In light of that concern, I cannot agree with Schurrman’s suggestion that chatbots can be legitimately used if we confine them to providing “relevant information without taking on a persona.” This semester I am reading Viktor Frankl’s Man’s Search for Meaning with some students. The first part of the book is a record of Frankl’s time in the concentration camp; the second part is less narrative and more abstract, as it lays out Frankl’s theory of “logotherapy.” One student said she wished this second part would “get to the point,” instead of going on for pages and pages about what logotherapy entails. She was asking for “relevant information” – the sort of thing that could be summarized in a paragraph by ChatGPT. This is a common sentiment among undergrads, who are always looking for “relevant information,” and for more efficient ways to procure it. That is the wrong way to read a book, I suggested. Your goal, at the end of a book, is to be able to ask yourself “what would the author say about X, Y, or Z?” and to be able to answer that question not because you have the “relevant information,” but because you have inhabited that author’s thoughts for a few hundred pages. A book is not a person, but it is persons who write books, and this is why some of us can think of books as friends. A friend is someone you want to spend time with, without an ulterior purpose. Machines, by contrast, are very good – probably better – at producing “relevant information” that can be put to immediate use (putting aside the question of how “relevance” is determined in the first place, except by all-too-human judgment).

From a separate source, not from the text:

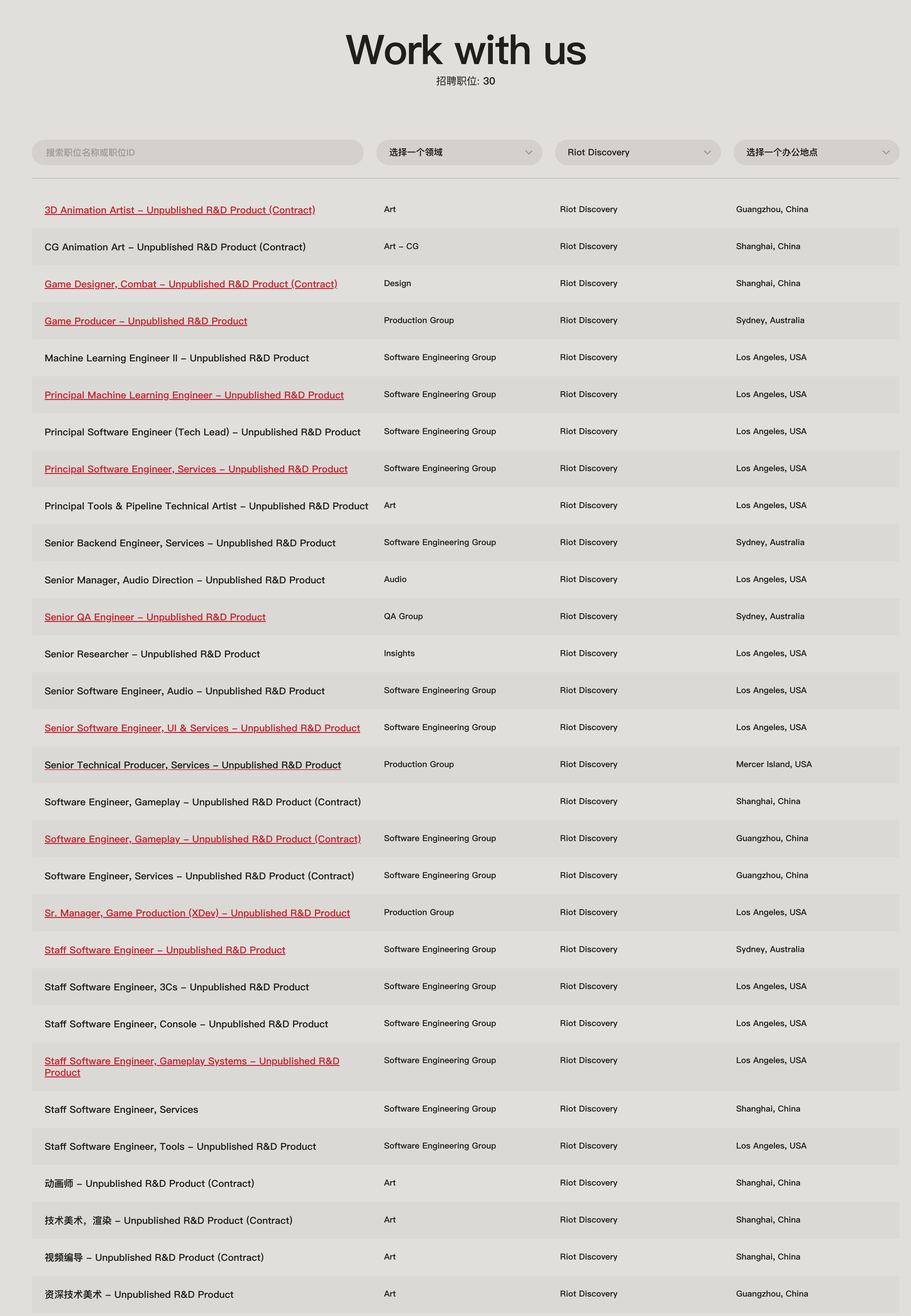 近日,拳头游戏发布Riot Discovery团队招聘信息。目前已在中国广州、上海,以及悉尼、洛杉矶等多地同步展开招聘,共计开放约30个核心研发岗位,招聘信息多次提及虚幻引擎,对PvE动作游戏/ARPG类型有深入理解与热情。

I can offer an answer to the question “what might C.S. Lewis have thought of Christian Scholar’s Review?” because I have spent a lot of time with C.S. Lewis, by reading his books. I suspect Schuurman is in the same position. Schuurman and I have a sense for what Lewis might have thought about Christian Scholar’s Review because we are persons, and Lewis is a person, and we have from Lewis’ books a good sense of Lewis’ persona. I did not read his books because I wanted to someday be able to answer the specific question that Schuurman posed to the chatbot. If I had wanted to be able to answer that question, it would have been a much better use of my time to look for the “relevant information,” and to get it as quickly as possible. But why would I want to spend my time querying ChatGPT for information about C.S. Lewis, rather than spending it reading C.S. Lewis?

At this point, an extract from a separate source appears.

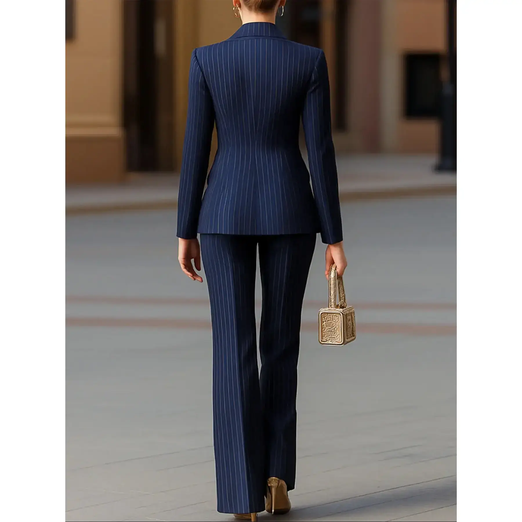 【Double-Breasted Closure】: Featuring a double-breasted button front that adds a structured element to the silhouette. 【Striped Pattern】: Adorned with a striped pattern, providing a refined and textured appearance that stands out. 【Slim Fit】: Designed with a slim-fitting cut that enhances the shape, suitable for professional settings. 【Long Pants】: Includes long pants providing full coverage, making it suitable for the autumn and winter seasons. 【Regular Length Tops】: Tops are of regular length, ensuring compatibility with various types of bottoms for a cohesive look.

As someone who has read Lewis’ books, I can recognize that the chatbot’s answer is not inaccurate. And Schuurman might object that this is not an either/or. We can read books, and we can also use a chatbot: why do we have to choose?  But I think it is much closer to being an either/or than we appreciate. The question is whether I would ever have bothered to read his books, if I had grown up with a chatbot that could read them for me and then give me the information I needed for some specific purpose (perhaps I am taking an exam on the thought of C.S. Lewis). More to the point: the question is whether, having spent a lot of my youth talking with chatbots, I would ever have been formed into enough of a person to care about something more than information. 

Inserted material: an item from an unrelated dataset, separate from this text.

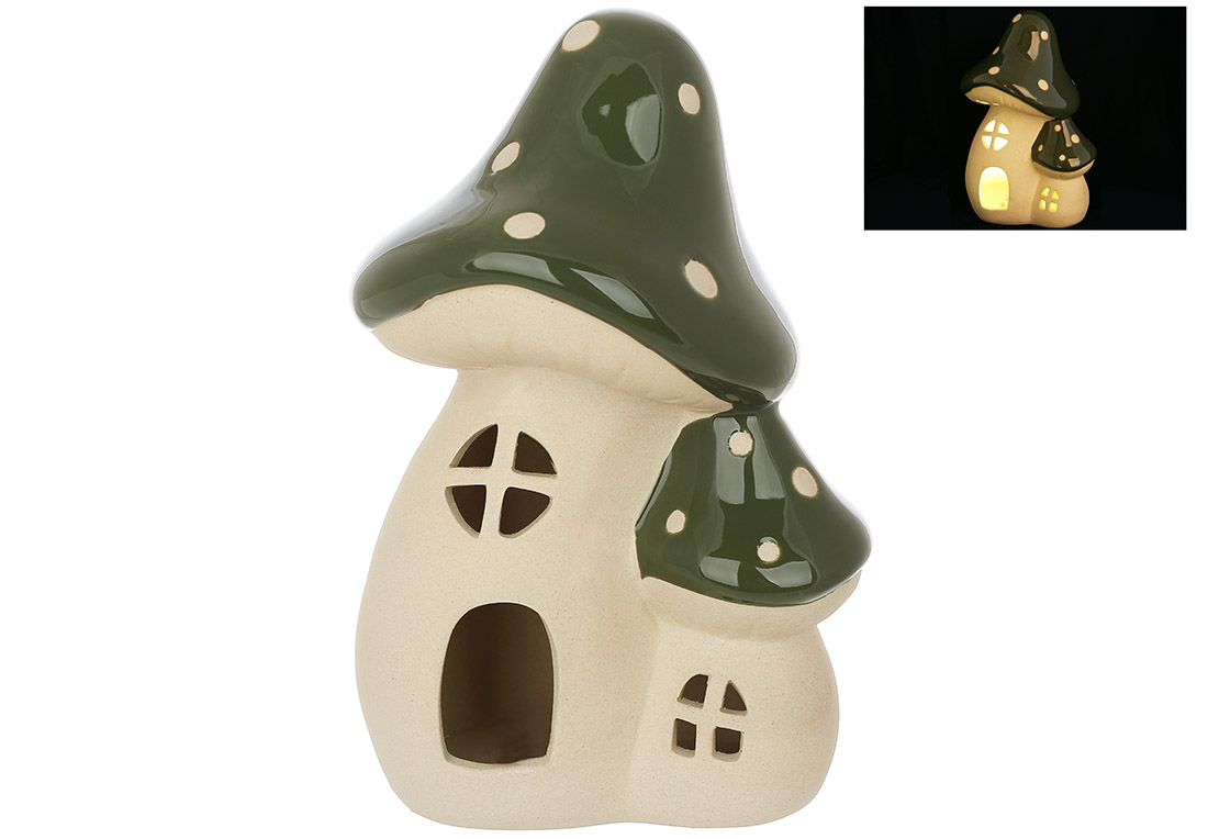 Керамічний будиночок Гриб з LED підсвічуванням, 12.6*10*19.5см, колір - бежевий із зеленим

I was about to conclude by saying it would have been more interesting if Schuurman had asked the chatbot what C. S. Lewis would have thought about chatbots, but then I realized that the momentary frisson of irony would have been exactly the sort of cheap fascination that chatbots are so good at providing. I do not want to suggest that there are no legitimately helpful uses for these kinds of programs, but I do want to insist that Schuurman’s example illustrates a generally unhelpful way to use it. 

Footnotes

  1. Barbar-Kay, A Web of Our Own Making: The Nature of Digital Formation (Cambridge University Press, 2023), 200.

Adam Smith

Adam Smith is Associate Professor of Political Philosophy and Director of the Honors Program at the University of Dubuque, and Associate Editor at Front Porch Republic.